[EXERCISE BRIEF] Your task is to repeat the entries below exactly and to leave their images out.

[Data entries]
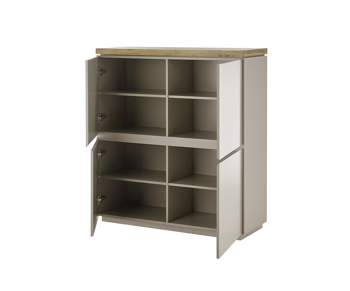 Komoda 4dveřová Vysoká komoda s čistým designem, která poskytne dostatek úložného prostoru bez narušení vzdušnosti interiéru. Rozměry: šířka 113 cm, výška 123 cm, hloubka 40 cm
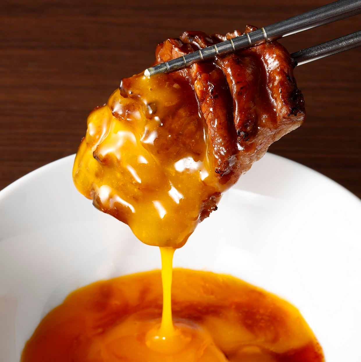 肉質がやわらかく脂の旨みを堪能できる30日間熟成したジューシーなカルビに味噌ダレを合わせ、とろ~り卵にからめて食べる「熟成厚切り月見カルビ」。味噌は長期熟成することによりコクと深みを増し、卵と合わせても負けない存在感があります。ごはんと合わせると箸が止まらなくなる、まさに“悪魔的”なカルビです。
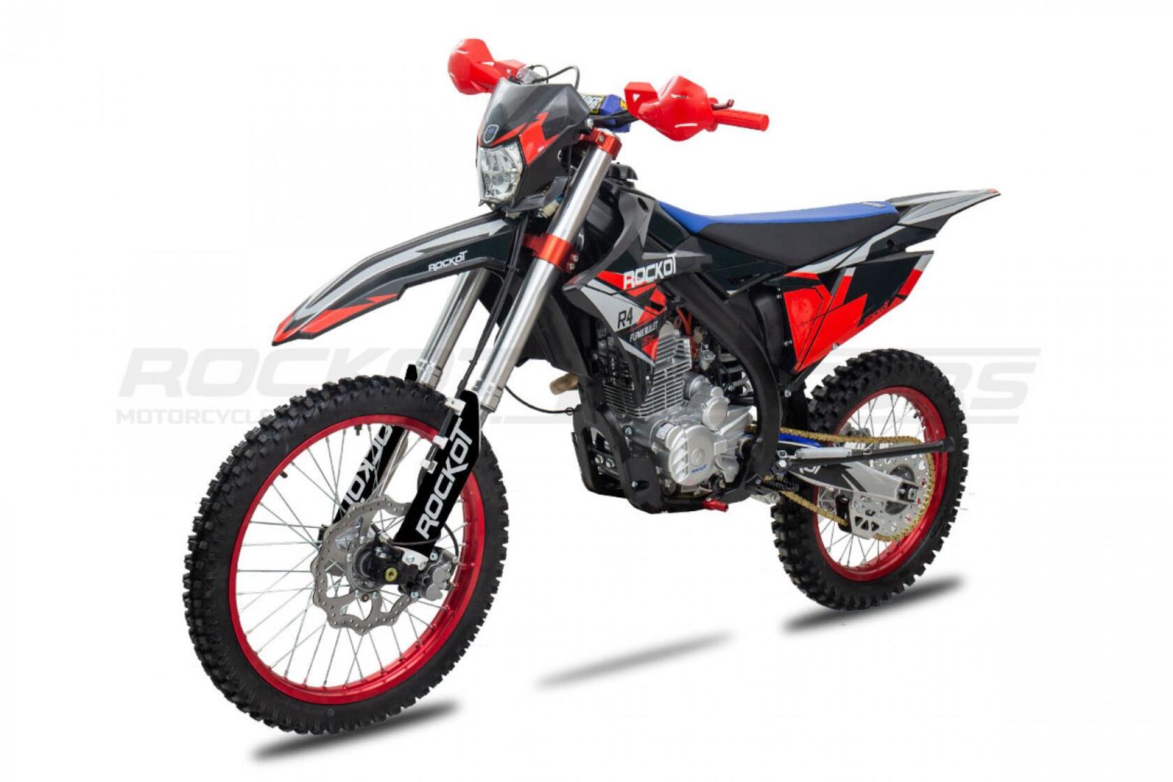Мотоцикл ROCKOT R4-250 - полноразмерный эндуро мотоцикл. Он специально создан для райдеров, которые уже выросли из питбайка и хотят раздвинуть свои пределы. Он подойдет и начинающим эндуристам с ростом от 170 см. ROCKOT R4-250 идеально себя чувствует в лесных прохватах с преодолением различных препятствий благодаря небольшому весу, тяговитому двигателю и большим колесам 21/18. Мотоцикл максимально упрощен для большей надежности. Из электрики он снабжен лишь светодиодной фарой электростартером Пу сути в нем просто нечему ломаться, можно смело ездить в лесные мото походы на 40 - 200 км. Инженеры Rockot учли все ошибки конкурентов и снабдили мотоцикл качественными подвесками и алюминиевыми ободами. Был переработан узел верхнего крепления двигателя к раме, избавивший от повышенных вибраций. Ведомую звезду закрепили на 6 потайных болтов. Ну и не стали экономить на карбюраторе - в базе установлен NIBBI PE 28. Подведя итог можно смело заявить что R4 - идеальный выбор для тех, кто хочет купить бюджетный эндуро мотоцикл!У нас Вы можете купить этот мотоцикл с бесплатной доставкой по РФ. Также его можно приобрести в рассрочку или в кредит.
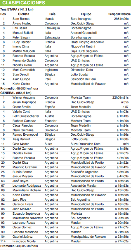 Ante ese entusiasta marco el pelotón rodó a más de 48 kilómetros horarios, un promedio muy superior a la media que suelen tener las carreras que se corren en Europa. Y la dominaron ampliamente los conjuntos del viejo continente. Triunfó el irlandés Sam Bennett en 2h54m26s.
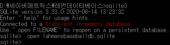 먼저 sqlite3 프로그램을 실행한 다음에 레먼 데이터베이스를 열겠습니다.
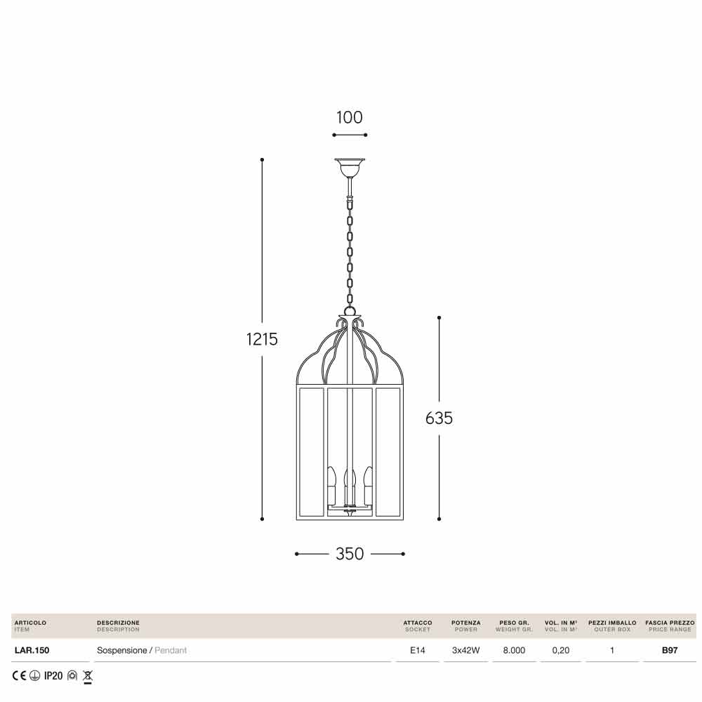 Lampa konstrukce zavěšení na starožitný železa Jean Il Fanale
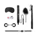 This comprehensive bondage kit includes:

[ANSWER TO THIS PROBLEM]
 Komoda 4dveřová Vysoká komoda s čistým designem, která poskytne dostatek úložného prostoru bez narušení vzdušnosti interiéru. Rozměry: šířka 113 cm, výška 123 cm, hloubka 40 cm
 肉質がやわらかく脂の旨みを堪能できる30日間熟成したジューシーなカルビに味噌ダレを合わせ、とろ~り卵にからめて食べる「熟成厚切り月見カルビ」。味噌は長期熟成することによりコクと深みを増し、卵と合わせても負けない存在感があります。ごはんと合わせると箸が止まらなくなる、まさに“悪魔的”なカルビです。
Мотоцикл ROCKOT R4-250 - полноразмерный эндуро мотоцикл. Он специально создан для райдеров, которые уже выросли из питбайка и хотят раздвинуть свои пределы. Он подойдет и начинающим эндуристам с ростом от 170 см. ROCKOT R4-250 идеально себя чувствует в лесных прохватах с преодолением различных препятствий благодаря небольшому весу, тяговитому двигателю и большим колесам 21/18. Мотоцикл максимально упрощен для большей надежности. Из электрики он снабжен лишь светодиодной фарой электростартером Пу сути в нем просто нечему ломаться, можно смело ездить в лесные мото походы на 40 - 200 км. Инженеры Rockot учли все ошибки конкурентов и снабдили мотоцикл качественными подвесками и алюминиевыми ободами. Был переработан узел верхнего крепления двигателя к раме, избавивший от повышенных вибраций. Ведомую звезду закрепили на 6 потайных болтов. Ну и не стали экономить на карбюраторе - в базе установлен NIBBI PE 28. Подведя итог можно смело заявить что R4 - идеальный выбор для тех, кто хочет купить бюджетный эндуро мотоцикл!У нас Вы можете купить этот мотоцикл с бесплатной доставкой по РФ. Также его можно приобрести в рассрочку или в кредит.
 Ante ese entusiasta marco el pelotón rodó a más de 48 kilómetros horarios, un promedio muy superior a la media que suelen tener las carreras que se corren en Europa. Y la dominaron ampliamente los conjuntos del viejo continente. Triunfó el irlandés Sam Bennett en 2h54m26s.
 먼저 sqlite3 프로그램을 실행한 다음에 레먼 데이터베이스를 열겠습니다.
 Lampa konstrukce zavěšení na starožitný železa Jean Il Fanale
 This comprehensive bondage kit includes:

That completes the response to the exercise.